Iranian companies, particularly state owned enterprises, must become more accustomed to working with international legal advisors. As a general rule, Iranian organizations are hesitant in engaging international law firms at the appropriate early stages of commercial negotiations and hire outside counsel only when things go wrong.
Internal legal departments of some of these companies (such as Iran Air) are strong and competent enough. But many others overestimate their ability, while also struggling to justify the budgetary requirements of making use of international legal advice. More importantly, Iranian organizations tend to avoid outsourcing their legal affairs because of concerns over political intervention, breach of confidentiality, and hostile commercial rivalry.
Nonetheless, there are several examples where support of an international law firm has helped partially or totally state-owned Iranian companies to navigate complex issues when facing a legal challenge. A number of Iranian companies contested what was considered the unwarranted imposition of sanctions in European courts. Bank Mellat pursued legal action in both Britain’s Supreme Court and the European Court of Justice with the support of Zaiwalla & Co., a London-based law firm. The bank managed to secure favorable rulings. The Supreme Court (the final court of appeal in the UK for civil cases) ruled in June 2013 that sanctions imposed on the bank in 2009 were “irrational.” And in February of this year, the European Court of Justice made a similar finding, suggesting that the imposition of sanctions on Bank Mellat constituted an “error of law.” As a consequence of these rulings, Bank Mellat is now set to claim financial damages amounting to USD $4 billion against the UK government.
Similar cases include international law firm Stephenson Harwood representing Bank Saderat and National Iranian Tanker Company, and Eversheds representing the National Iranian Oil Company.
While positive experiences working with foreign legal advisors have been mostly limited to cases of litigation or arbitration, knowledge of international commercial law will be of utmost importance in post-sanctions deal-making. This is why there is a significant need for foreign legal advice before things go wrong. After a long period of sanctions, the legal teams of Iranian state-owned enterprises are unlikely to be up-to-scratch with the latest international regulations or the myriad difficulties of complex commercial deals.
The track record of commercial deals gives cause for concern. Several of Iran’s largest European industrial partners abandoned the market as nuclear sanctions were tightened beginning in 2009. Lack of foresight in commercial contracts, which did not include provisions for such a situation, meant that Iran found itself without legal recourse as these partners decided to renege on their contractual commitments.

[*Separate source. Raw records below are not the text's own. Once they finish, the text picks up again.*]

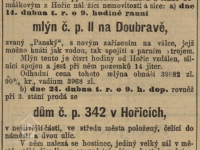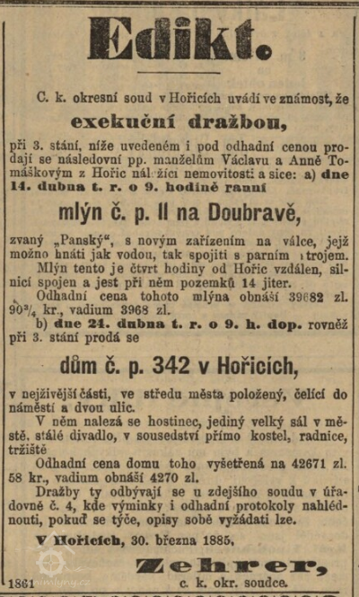 1885 dražba na mlýn, majitelé Václav a Anna Tomáškovi, odhadní cena 39.682 zl.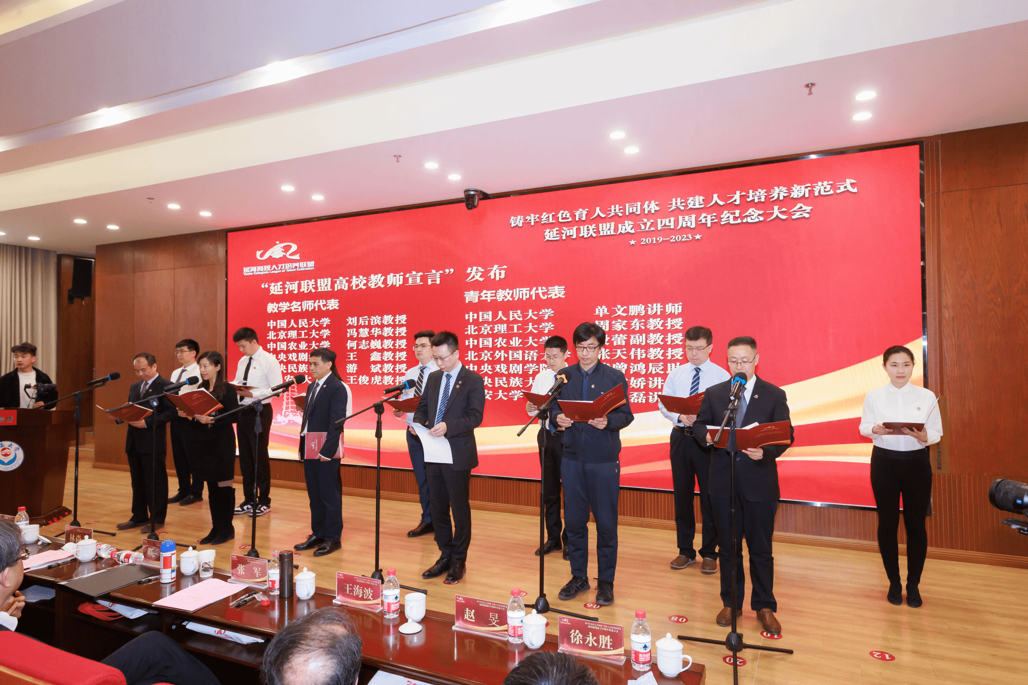 与会领导和嘉宾共同为延河联盟高校教师发展基地揭牌,延河联盟高校教学名师代表和青年教师代表集体发出倡议,并发布了延河联盟高校教师宣言。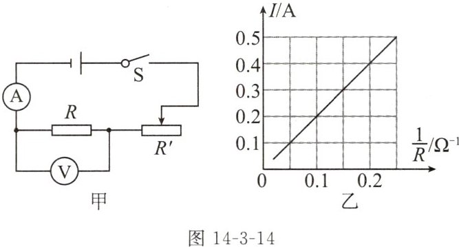 12. (2023苏州月考改编)小明利用图14-3-14甲所示的电路探究“通过导体的电流与电阻的关系”,根据实验数据绘出了图像,如图乙所示。分析图像可知:
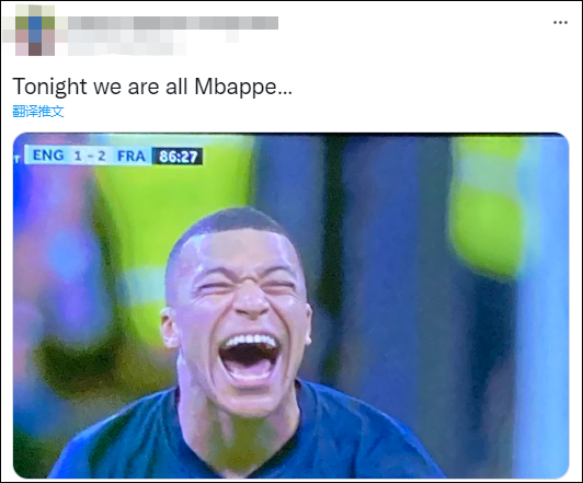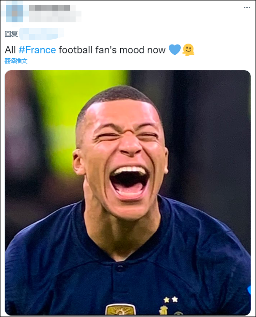 法国队球迷也纷纷用姆巴佩的表情表达喜悦,“今晚,我们都是姆巴佩”。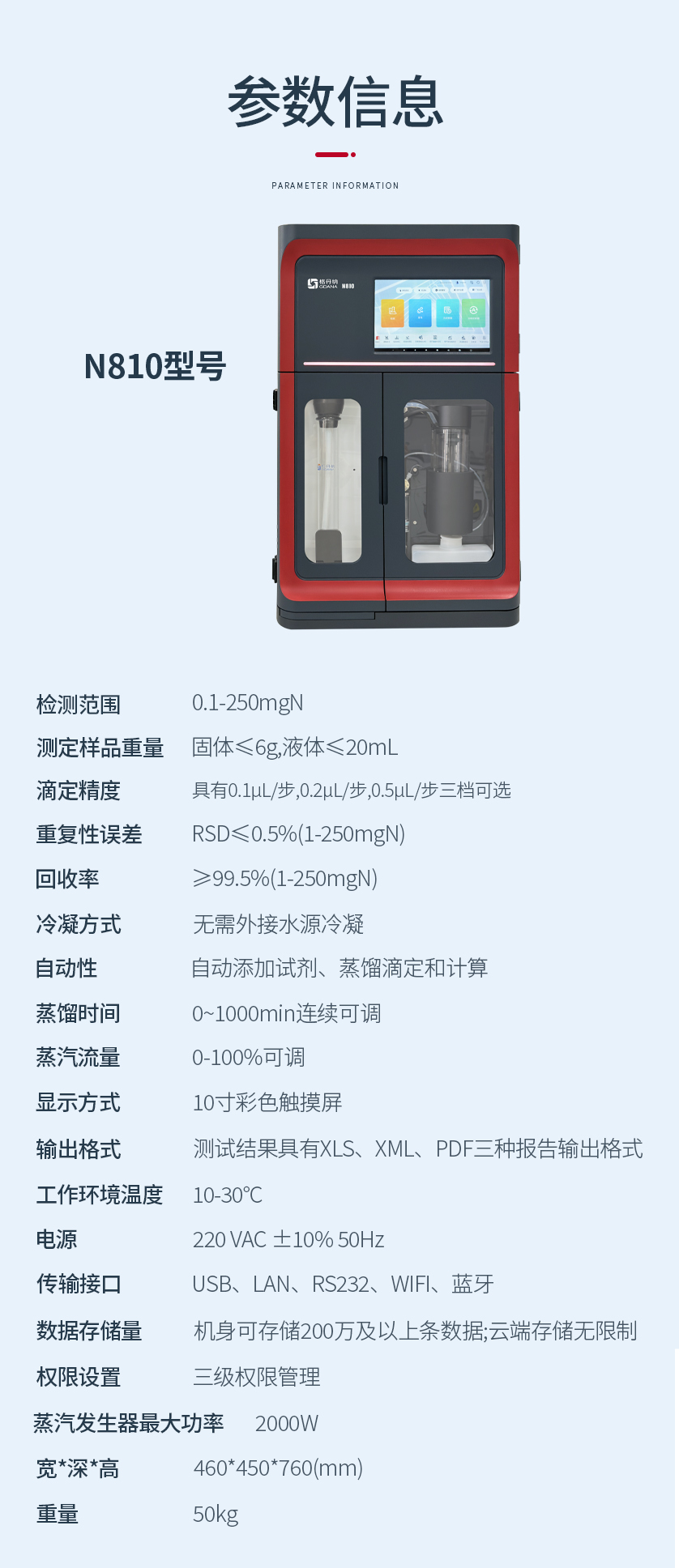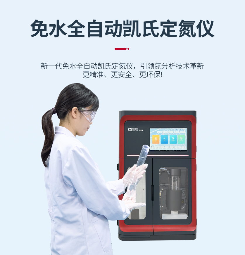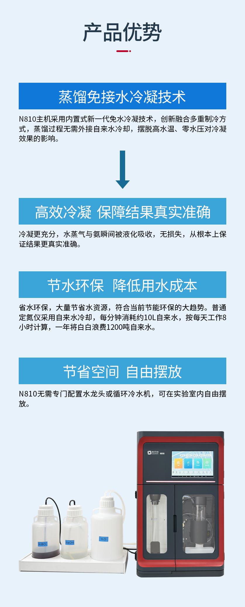 新一代N810免水全自動(dòng)凱氏定氮儀,突破了傳統(tǒng)凱氏定氮儀依賴外接水源或冷水機(jī)冷凝的局限,搭載免水冷卻系統(tǒng),既提升了實(shí)驗(yàn)的準(zhǔn)確度與效率,更增強(qiáng)了儀器運(yùn)行的可靠性。這一創(chuàng)新設(shè)計(jì),大幅節(jié)省了外接冷卻水循環(huán)機(jī)的采購成本與日常水資源開支。儀器集成免水冷凝、自動(dòng)加堿加酸、加注稀釋劑、蒸餾滴定、消化管排空、溶液液位監(jiān)測、超溫預(yù)警、清洗排廢、結(jié)果智能計(jì)算等全流程功能,實(shí)現(xiàn)凱氏定氮實(shí)驗(yàn)的無人值守式操作。儀器采用符合國家標(biāo)準(zhǔn)的凱氏定氮方法:濃硫酸環(huán)境消解樣品、堿性環(huán)境蒸汽蒸餾、硼酸吸收、加指示劑滴定、終點(diǎn)顏色判定法。

The most famous example is probably the withdrawal of French automaker Peugeot in 2012, which led to mothballing of primary production lines at the state owned Iranian carmaker Iran Khodro. The episode created a great deal of bad blood between the Iranian company and its French counterpart, which has had to promise voluntary compensation as part of planned return to the Iranian market. Such situations, which should be remediated within a legal framework, create lack of trust in foreign partners and become obstacles on the way to healthy future partnerships.
In another episode, the Central Bank of Iran purchased about USD $1.75 billion in bonds in Luxembourg through an intermediary and deposited them in a Citibank account in 2008. The Supreme Court of the United States ruled in Bank Markazi v. Peterson in 2015 that the bonds were Iranian assets and could be seized as part of compensation owed to American victims of terrorism. Iran has now referred the case to the International Court of Justice, and will probably hire international counsellors to handle the case. However, had legal advice been sought before the bonds were purchased, it might have been possible to foresee the risk of asset seizure by the US government.
Hesitations around engaging legal advice can also have consequences beyond industry and finance. For example, there have been calls for the Tehran Museum of Contemporary Art to make its remarkable collections available for international loans, which can generate fees to help revamp the museum. The plans include a possible loan to the Hirshhorn Museum in the United States, but outstanding legal claims in the United States against Iran have led to serious concerns that the pieces may be seized. As such, even Iran’s potential contribution to global arts and culture has suffered because of uncertainty about legal ramifications. Crafting loan contracts with international advice can pave the way for cultural interaction.
At a time when Iran is trying to revive and expand its economic interactions with the rest of the world, collaboration with international legal firms creates a perfect opportunity for legal departments within Iranian organizations and their counselors to exchange knowledge, upgrade their abilities, and expand their knowledge of the latest legal standards. It is time for Iranian companies and their leaders to accept the importance of legal advice for managing risks and making deals in the present international business environment.